++++ Available data ++++

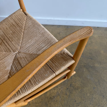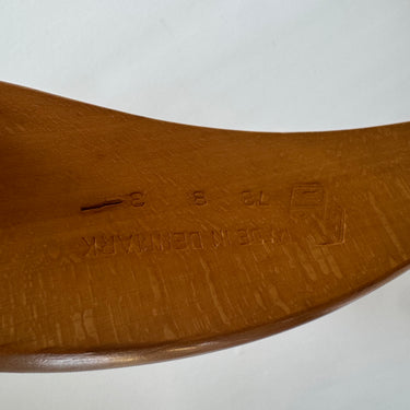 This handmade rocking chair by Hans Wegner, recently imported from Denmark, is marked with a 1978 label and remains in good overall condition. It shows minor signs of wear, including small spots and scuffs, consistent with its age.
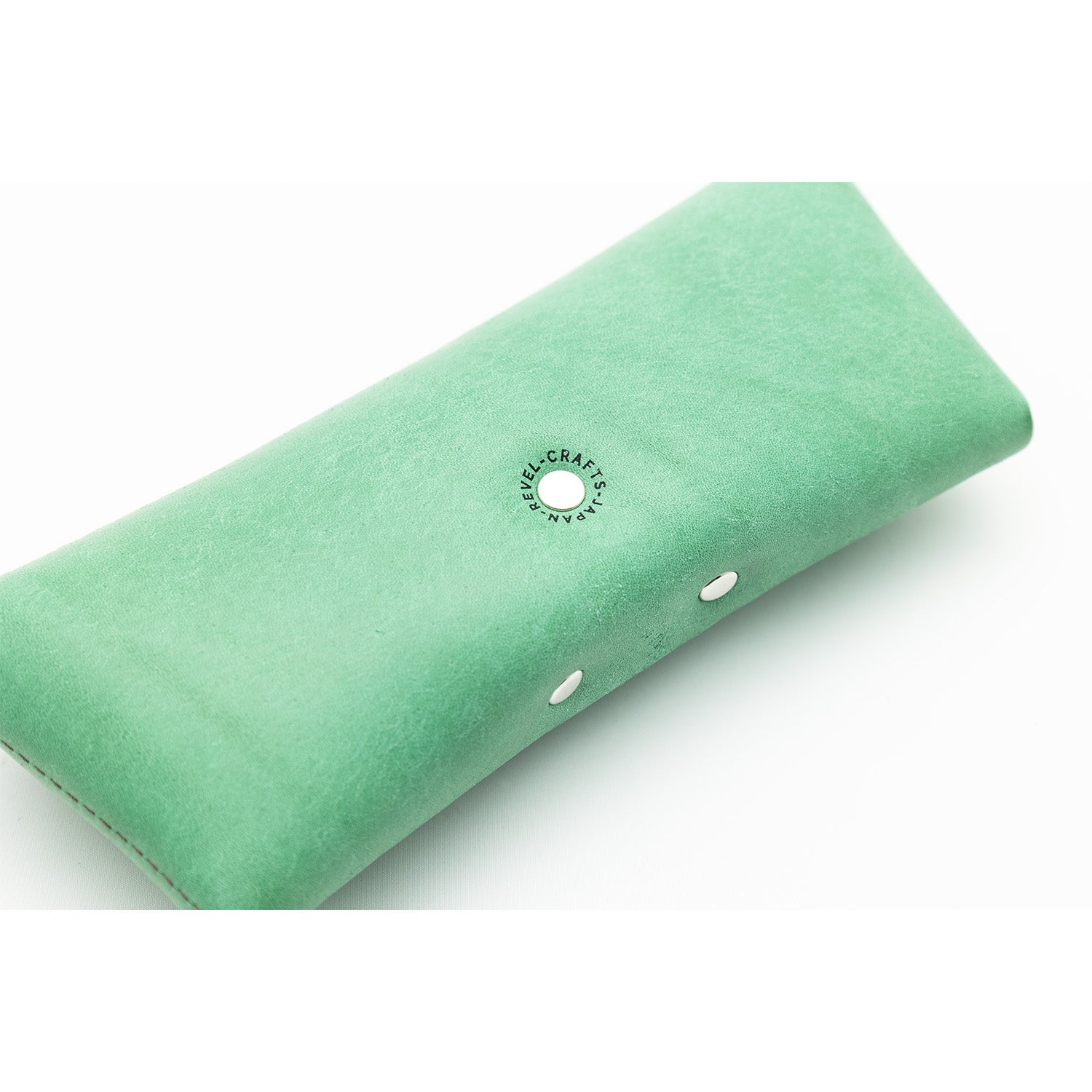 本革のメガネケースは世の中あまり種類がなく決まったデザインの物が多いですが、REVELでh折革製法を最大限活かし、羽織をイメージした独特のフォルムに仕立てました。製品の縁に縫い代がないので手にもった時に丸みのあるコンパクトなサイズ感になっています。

++++
++++ Available data ++++

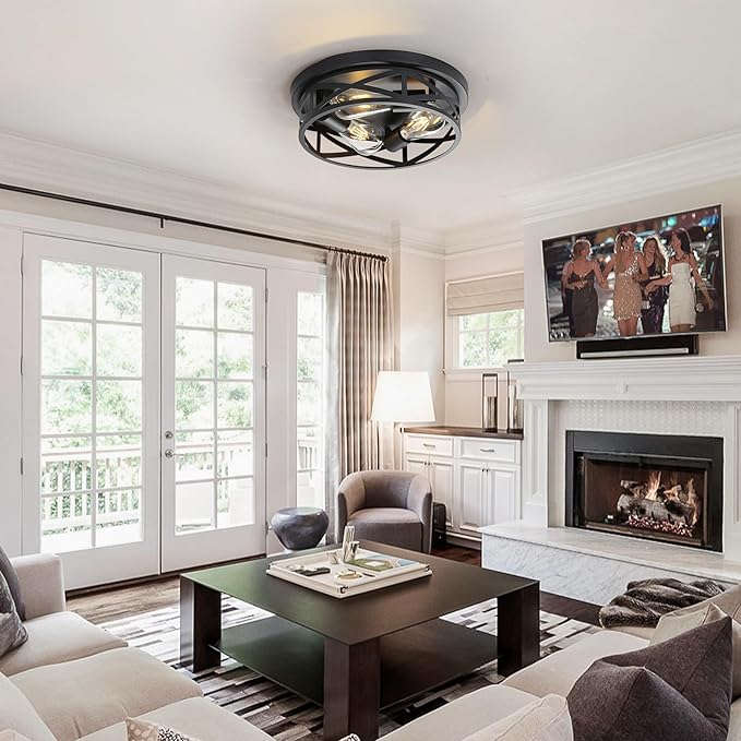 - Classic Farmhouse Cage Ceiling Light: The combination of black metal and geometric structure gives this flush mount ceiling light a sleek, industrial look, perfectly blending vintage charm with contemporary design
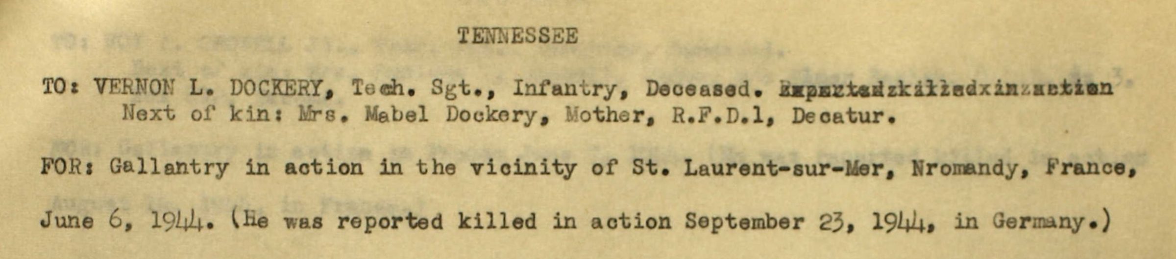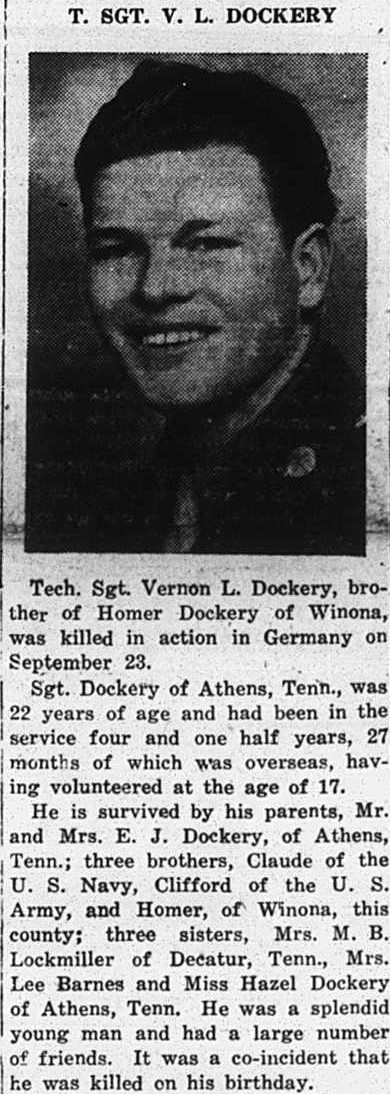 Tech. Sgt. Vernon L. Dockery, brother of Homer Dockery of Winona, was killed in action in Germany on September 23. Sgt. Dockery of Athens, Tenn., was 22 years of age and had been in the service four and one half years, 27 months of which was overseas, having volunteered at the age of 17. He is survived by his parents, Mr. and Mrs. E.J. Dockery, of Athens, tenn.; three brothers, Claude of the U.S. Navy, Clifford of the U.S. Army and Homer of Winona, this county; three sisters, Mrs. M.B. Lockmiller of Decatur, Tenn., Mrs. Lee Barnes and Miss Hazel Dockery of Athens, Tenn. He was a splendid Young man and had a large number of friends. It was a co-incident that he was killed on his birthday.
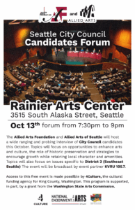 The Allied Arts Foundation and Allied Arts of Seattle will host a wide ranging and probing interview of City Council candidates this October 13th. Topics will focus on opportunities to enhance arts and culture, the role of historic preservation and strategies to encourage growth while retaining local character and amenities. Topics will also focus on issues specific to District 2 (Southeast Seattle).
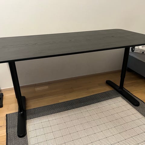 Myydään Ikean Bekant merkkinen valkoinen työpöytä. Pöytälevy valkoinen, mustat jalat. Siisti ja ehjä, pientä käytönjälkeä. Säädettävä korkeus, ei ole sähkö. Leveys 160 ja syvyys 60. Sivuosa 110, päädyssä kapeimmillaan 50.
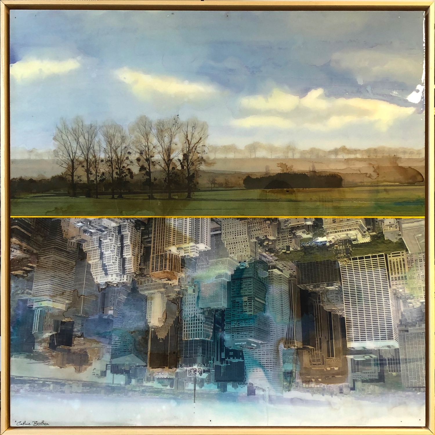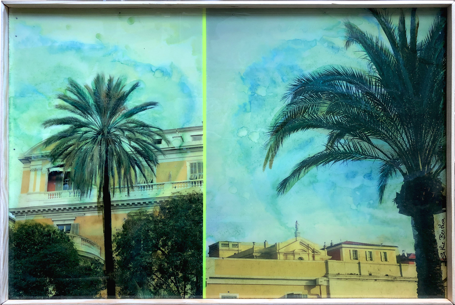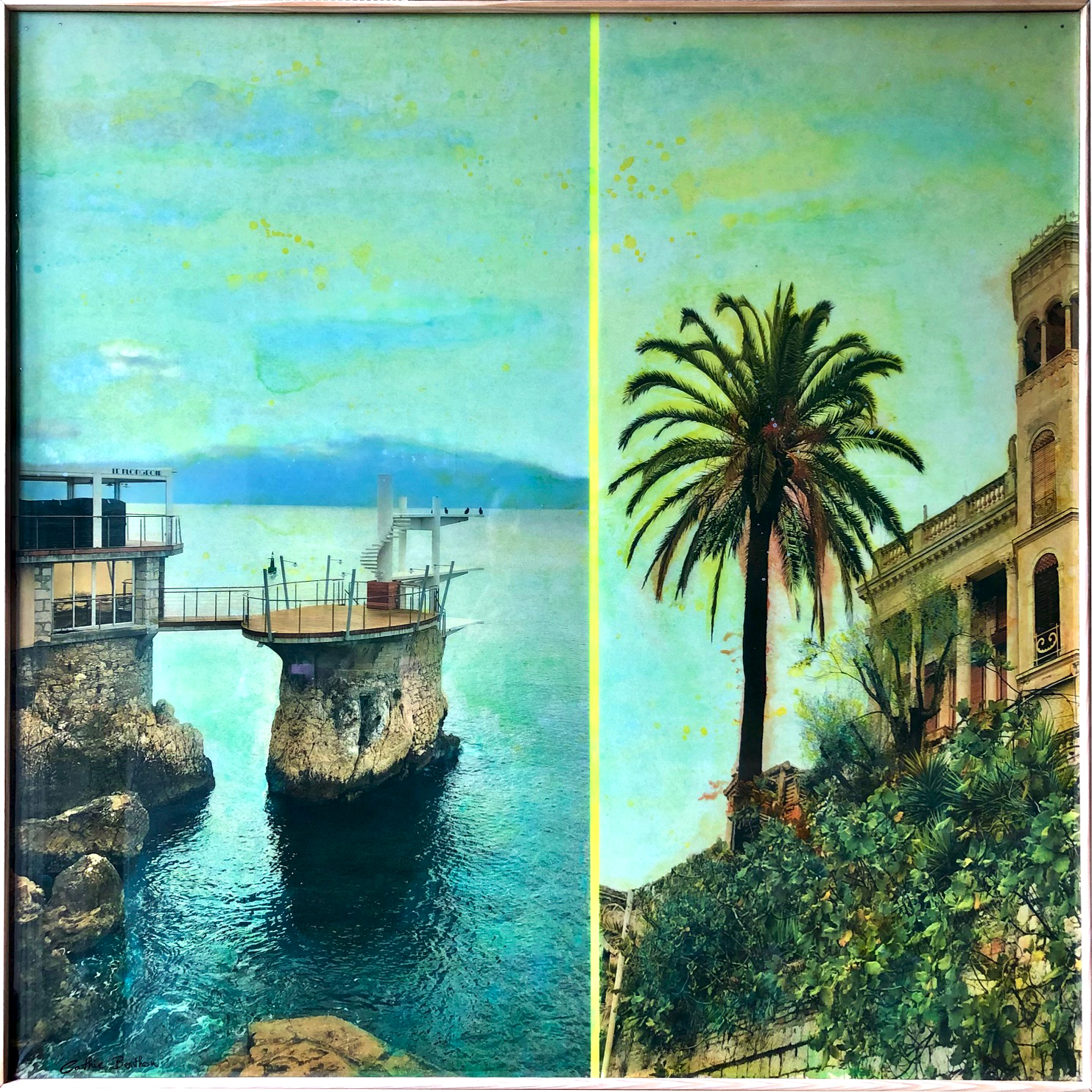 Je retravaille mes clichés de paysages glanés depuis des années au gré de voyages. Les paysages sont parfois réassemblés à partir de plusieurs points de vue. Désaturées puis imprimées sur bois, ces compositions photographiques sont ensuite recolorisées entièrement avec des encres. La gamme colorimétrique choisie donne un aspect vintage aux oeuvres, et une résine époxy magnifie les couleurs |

++++

**Activity**
Give back exactly the lines above that run from the one with "- Classic Farmhouse" to the one with "Tech. Sgt. Vernon", including both, with the pictures left out.

**Expected output**
 - Classic Farmhouse Cage Ceiling Light: The combination of black metal and geometric structure gives this flush mount ceiling light a sleek, industrial look, perfectly blending vintage charm with contemporary design
 Tech. Sgt. Vernon L. Dockery, brother of Homer Dockery of Winona, was killed in action in Germany on September 23. Sgt. Dockery of Athens, Tenn., was 22 years of age and had been in the service four and one half years, 27 months of which was overseas, having volunteered at the age of 17. He is survived by his parents, Mr. and Mrs. E.J. Dockery, of Athens, tenn.; three brothers, Claude of the U.S. Navy, Clifford of the U.S. Army and Homer of Winona, this county; three sisters, Mrs. M.B. Lockmiller of Decatur, Tenn., Mrs. Lee Barnes and Miss Hazel Dockery of Athens, Tenn. He was a splendid Young man and had a large number of friends. It was a co-incident that he was killed on his birthday.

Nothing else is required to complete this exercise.